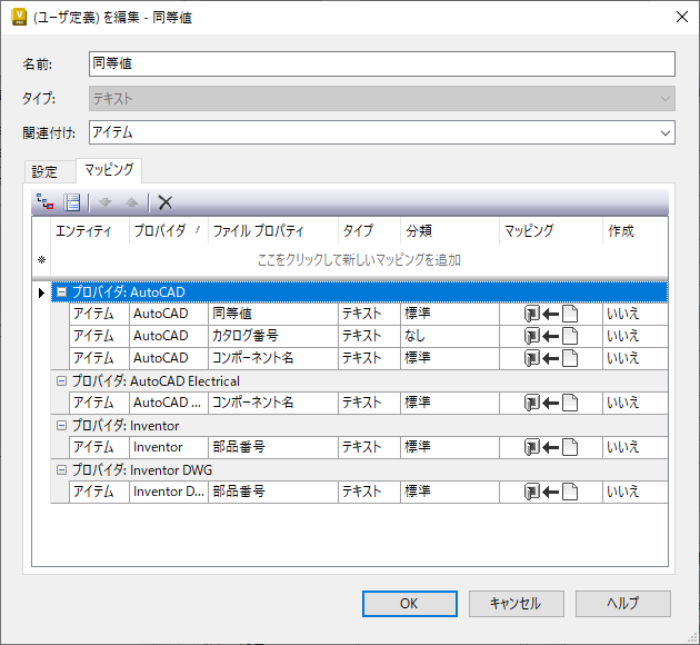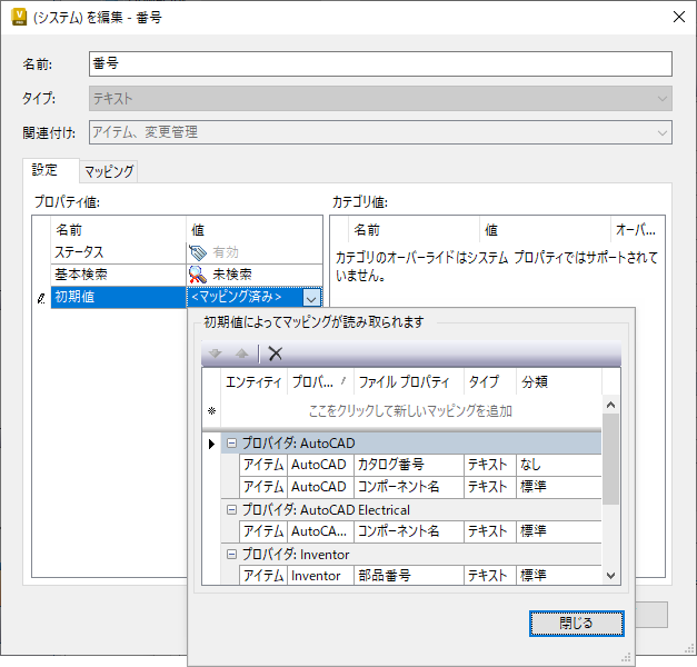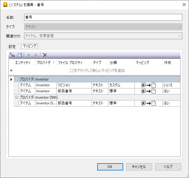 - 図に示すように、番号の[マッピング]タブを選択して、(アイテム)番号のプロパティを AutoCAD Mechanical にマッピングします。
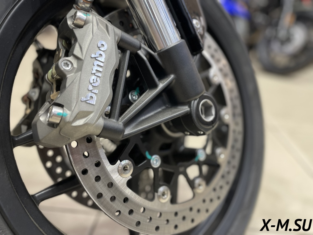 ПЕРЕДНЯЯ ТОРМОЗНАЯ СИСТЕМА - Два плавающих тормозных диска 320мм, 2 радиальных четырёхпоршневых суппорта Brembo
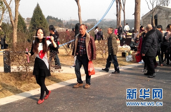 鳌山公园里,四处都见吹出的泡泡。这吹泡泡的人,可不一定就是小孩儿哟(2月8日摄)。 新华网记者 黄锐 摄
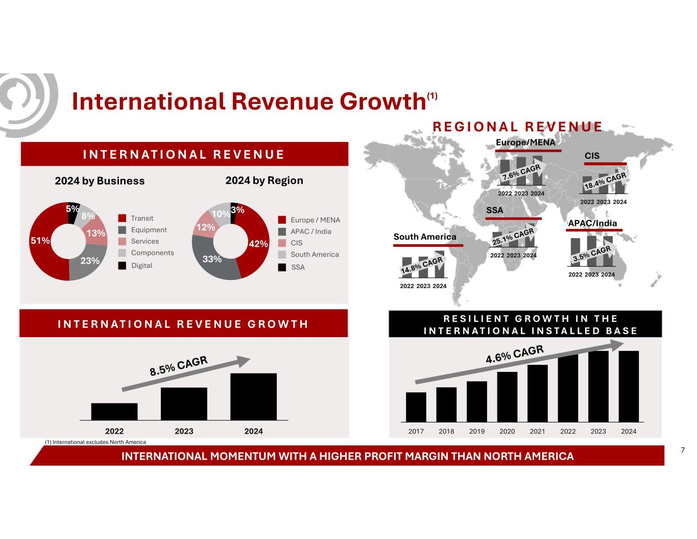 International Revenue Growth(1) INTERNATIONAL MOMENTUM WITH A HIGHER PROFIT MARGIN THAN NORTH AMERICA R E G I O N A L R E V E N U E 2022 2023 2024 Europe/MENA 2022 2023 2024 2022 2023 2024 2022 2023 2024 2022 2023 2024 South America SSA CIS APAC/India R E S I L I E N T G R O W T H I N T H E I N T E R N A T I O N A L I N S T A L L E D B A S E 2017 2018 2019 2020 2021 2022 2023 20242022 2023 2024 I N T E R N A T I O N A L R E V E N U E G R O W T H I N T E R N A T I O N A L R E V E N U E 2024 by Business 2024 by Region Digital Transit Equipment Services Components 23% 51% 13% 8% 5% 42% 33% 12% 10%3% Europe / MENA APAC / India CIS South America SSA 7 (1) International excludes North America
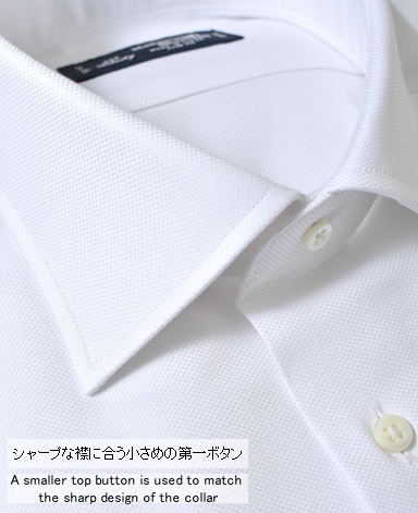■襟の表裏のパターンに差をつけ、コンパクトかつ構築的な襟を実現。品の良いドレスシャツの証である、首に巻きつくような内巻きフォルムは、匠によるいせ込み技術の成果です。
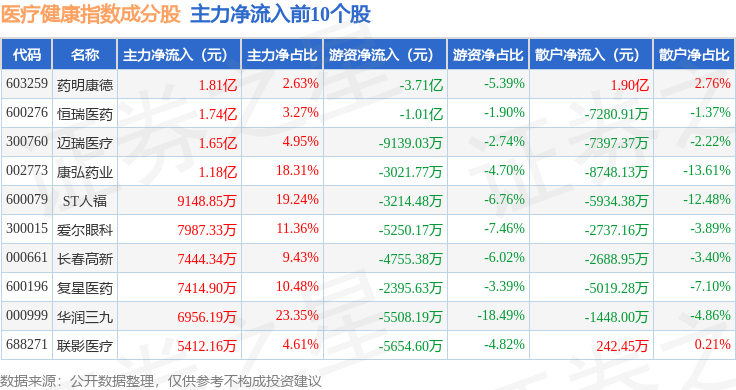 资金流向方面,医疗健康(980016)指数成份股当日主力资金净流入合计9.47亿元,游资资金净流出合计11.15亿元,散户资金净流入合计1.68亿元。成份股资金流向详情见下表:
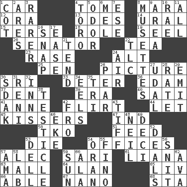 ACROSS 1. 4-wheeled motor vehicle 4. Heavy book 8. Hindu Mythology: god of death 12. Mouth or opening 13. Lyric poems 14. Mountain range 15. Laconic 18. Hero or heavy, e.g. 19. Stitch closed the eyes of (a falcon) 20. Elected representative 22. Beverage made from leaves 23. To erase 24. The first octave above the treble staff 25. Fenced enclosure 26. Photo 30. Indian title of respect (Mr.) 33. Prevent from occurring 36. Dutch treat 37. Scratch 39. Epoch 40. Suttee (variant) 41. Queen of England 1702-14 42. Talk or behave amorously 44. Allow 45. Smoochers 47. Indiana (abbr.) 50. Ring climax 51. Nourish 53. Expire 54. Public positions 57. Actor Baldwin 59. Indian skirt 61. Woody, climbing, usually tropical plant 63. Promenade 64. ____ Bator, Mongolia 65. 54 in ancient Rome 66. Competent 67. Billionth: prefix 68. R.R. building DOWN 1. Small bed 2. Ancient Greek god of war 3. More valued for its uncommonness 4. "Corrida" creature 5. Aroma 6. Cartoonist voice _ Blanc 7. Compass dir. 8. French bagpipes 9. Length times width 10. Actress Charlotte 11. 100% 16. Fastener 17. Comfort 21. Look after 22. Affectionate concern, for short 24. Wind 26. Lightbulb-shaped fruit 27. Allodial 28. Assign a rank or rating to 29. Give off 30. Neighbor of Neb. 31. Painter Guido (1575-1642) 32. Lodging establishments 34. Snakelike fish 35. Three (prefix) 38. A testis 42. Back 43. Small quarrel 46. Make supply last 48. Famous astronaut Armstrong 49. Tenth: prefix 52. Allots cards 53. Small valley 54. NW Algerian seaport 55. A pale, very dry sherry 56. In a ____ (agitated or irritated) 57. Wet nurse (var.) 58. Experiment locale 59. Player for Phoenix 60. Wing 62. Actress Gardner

========================================================================

**Problem statement:**
In the listing above, find the line containing "ПЕРЕДНЯЯ ТОРМОЗНАЯ СИСТЕМА". Output it and every line after it up to and including the line containing "资金流向方面,医疗健康(98", exactly, but skip the pictures.

**Output for this exercise:**
 ПЕРЕДНЯЯ ТОРМОЗНАЯ СИСТЕМА - Два плавающих тормозных диска 320мм, 2 радиальных четырёхпоршневых суппорта Brembo
 鳌山公园里,四处都见吹出的泡泡。这吹泡泡的人,可不一定就是小孩儿哟(2月8日摄)。 新华网记者 黄锐 摄
 International Revenue Growth(1) INTERNATIONAL MOMENTUM WITH A HIGHER PROFIT MARGIN THAN NORTH AMERICA R E G I O N A L R E V E N U E 2022 2023 2024 Europe/MENA 2022 2023 2024 2022 2023 2024 2022 2023 2024 2022 2023 2024 South America SSA CIS APAC/India R E S I L I E N T G R O W T H I N T H E I N T E R N A T I O N A L I N S T A L L E D B A S E 2017 2018 2019 2020 2021 2022 2023 20242022 2023 2024 I N T E R N A T I O N A L R E V E N U E G R O W T H I N T E R N A T I O N A L R E V E N U E 2024 by Business 2024 by Region Digital Transit Equipment Services Components 23% 51% 13% 8% 5% 42% 33% 12% 10%3% Europe / MENA APAC / India CIS South America SSA 7 (1) International excludes North America
■襟の表裏のパターンに差をつけ、コンパクトかつ構築的な襟を実現。品の良いドレスシャツの証である、首に巻きつくような内巻きフォルムは、匠によるいせ込み技術の成果です。
 资金流向方面,医疗健康(980016)指数成份股当日主力资金净流入合计9.47亿元,游资资金净流出合计11.15亿元,散户资金净流入合计1.68亿元。成份股资金流向详情见下表:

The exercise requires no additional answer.